A paddle dipping into a lake. In the background there are forest-covered mountains and the open sky.

Reflections on Pulling Together and upcoming spring sessions 

In fall 2021, I had the chance to co-facilitate a series of workshops framed on Pulling Together: A Guide for Curriculum Developers with my wonderful colleague, Jen Ward, one of TCDC’s Indigenization Specialists. Published by BCcampus, the guide is one of a series of open-source resources meant to support Indigenization, decolonization and reconciliation efforts within post-secondary institutions.  

Our Elder, Nk’xetko, generously began our first session with encouraging words and a prayer. Jen introduced the 18 participants to new ways of building trust and community within our classes including “belly button introductions” and the “I am from” poem. She unpacked the differences and connections between Indigenization, decolonization and reconciliation, and shared the importance of protocol and ways to respectfully and ethically engage with Indigenous communities. She invited us to find the calls to action from the Truth and Reconciliation Commission that we could commit to working toward in our professional and personal lives and taught us how to create our own authentic, meaningful territorial acknowledgement. I closed our session by sharing a bit of history on our relationship with Musqueam, discussing what it truly means for the college to be gifted a name and a house post and the reciprocal responsibilities that come with that act of generosity by our hosts. 

Opening the sharing circle

Following the first session, when Jen was no longer able to join and guide us, I needed to decide if the final two sessions would be cancelled or if I would take on the uncomfortable and anxiety-provoking task of facilitating them on my own. As the white, great-granddaughter of Scottish, Welsh and Irish settlers, is it my place to facilitate something like this? I still have so much to learn about Indigenization and decolonization, and bringing Indigenous ways of knowing, doing and learning into my practice. I knew that my colleagues who had signed up for this series were looking for guidance from an Indigenous colleague. I assumed they, like me, felt that tension between the desire to move forward with reconciliation and the fear of doing something wrong, of tokenism, of potentially causing more harm.  

I discussed what to do with Jen, and she, like other Indigenous friends and family members in past conversations, reminded me that part of my role in reconciliation is taking some of the burden off of the shoulders of the few Indigenous people I work with. There is a lot of learning I can do on my own, and in my role as a curriculum consultant, I can create opportunities to do and share that learning with others.  

So, for the final sessions, I shifted the format to informal sharing sessions. We discussed what we learned from the guide about Indigenous epistemologies and pedagogies and how we might incorporate them into our courses in a good way. We talked about our roles in reconciliation here at the college and the challenges and fears we face. And we shared some of the steps we’ve taken to begin decolonizing and Indigenizing our curriculum and teaching practices in different disciplines.   

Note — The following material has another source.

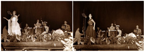Orquestra Cine Jazz no Avenida Teatro acompanhando a Maria de Fátima Bravo(esq) e Maria Amélia Canossa, anos 50's. A Orquestra, dirigida pelo Maestro Mário Costa, ao piano, com António Correia no violino, Patrício no trompete, Chaves ao saxofone, Manuel Pires ao rabecão e Martins na bateria.
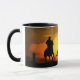 Cowboys och styrman i sydvästra solnedgången. En vacker western cowboykaffe i land mugg.

I’m thankful for my colleagues who showed up to these sessions and bravely shared their stories, experiences, questions, and fears. I am grateful we had this chance to pull together, and I look forward to continuing this learning journey with you all.  

Carmen Larsen, Curriculum Consultant

Upcoming: Spring Pulling Together sessions 

Our spring Pulling Together sessions, facilitated by my colleague Parisa Zitouni, will explore another guide in the series, Pulling Together: A Guide for Teachers and Instructors through March and April. Registration is now open. 

These gatherings offer a space for collective learning, sharing and discussion of the themes, readings and exercises in the guide. Exploring ways in which we can include Indigenous perspectives, values and knowledge into our teaching practice is a collaborative process. The BCcampus Indigenization Guides authored by teams of Indigenous scholars and allies from across the province of British Columbia have been created to support post-secondary staff and faculty, in this process.